France Bleu Auxerre mardi 25 juillet 2017 à 19:08

Un Sénonais de 48 ans a été condamné mardi pour des dégradations commises contre deux agences bancaires. Il n’en était pas à sa première.

Dans l’une (le CIC), il avait endommagé une porte vitrée et taguée la façade avec une bombe de peinture. Dans l’autre, la Caisse d’Épargne, il avait jeté un écran d’ordinateur à terre. L’individu a été jugé responsable de ses actes malgré des problèmes psychiques évidents.
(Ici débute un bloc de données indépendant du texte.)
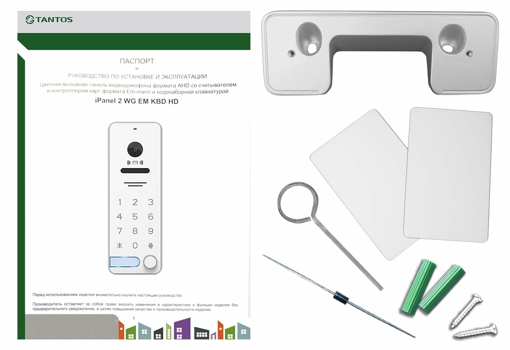 Вызывная видеопанель Tantos iPanel 2 WG (White) EM KBD HD информация:

Déjà été condamné en 2015 pour avoir défoncé la vitrine du CIC avec sa voiture

Aucune revendication politique dans ces dégradations, seulement l’expression d’un homme frustré de sa situation bancaire. Ancien toxicomane, aujourd’hui sous curatelle, il n’a comme revenu que l’allocation adulte handicapé et ne peut pas utiliser son argent comme il l’entend. "Je n’ai pas d’autre moyen de manifester mon mécontentement" commente le prévenu. "Mais il y a du personnel derrière ces vitres" rappelle l’avocat du CIC.principalement des femmes qui ont peur de cet homme. Et elles s’interrogent" poursuit l’avocat, " il aurait dû se soigner et la justice avait prévu de le renvoyer en prison s’il ne le faisait pas"

"aucune revendication"

Or il ne s’est rien passé de tout ça. L’homme est même revenu narguer les guichetières au point que l’une d’elle a demandé sa mutation. Ce problème manifeste de suivi judiciaire a facilité la récidive. Cela fait trois ans que l’individu a arrêté de prendre des médicaments.Le tribunal l’a de nouveau condamné à une obligation de soins avec interdiction de résider à Sens.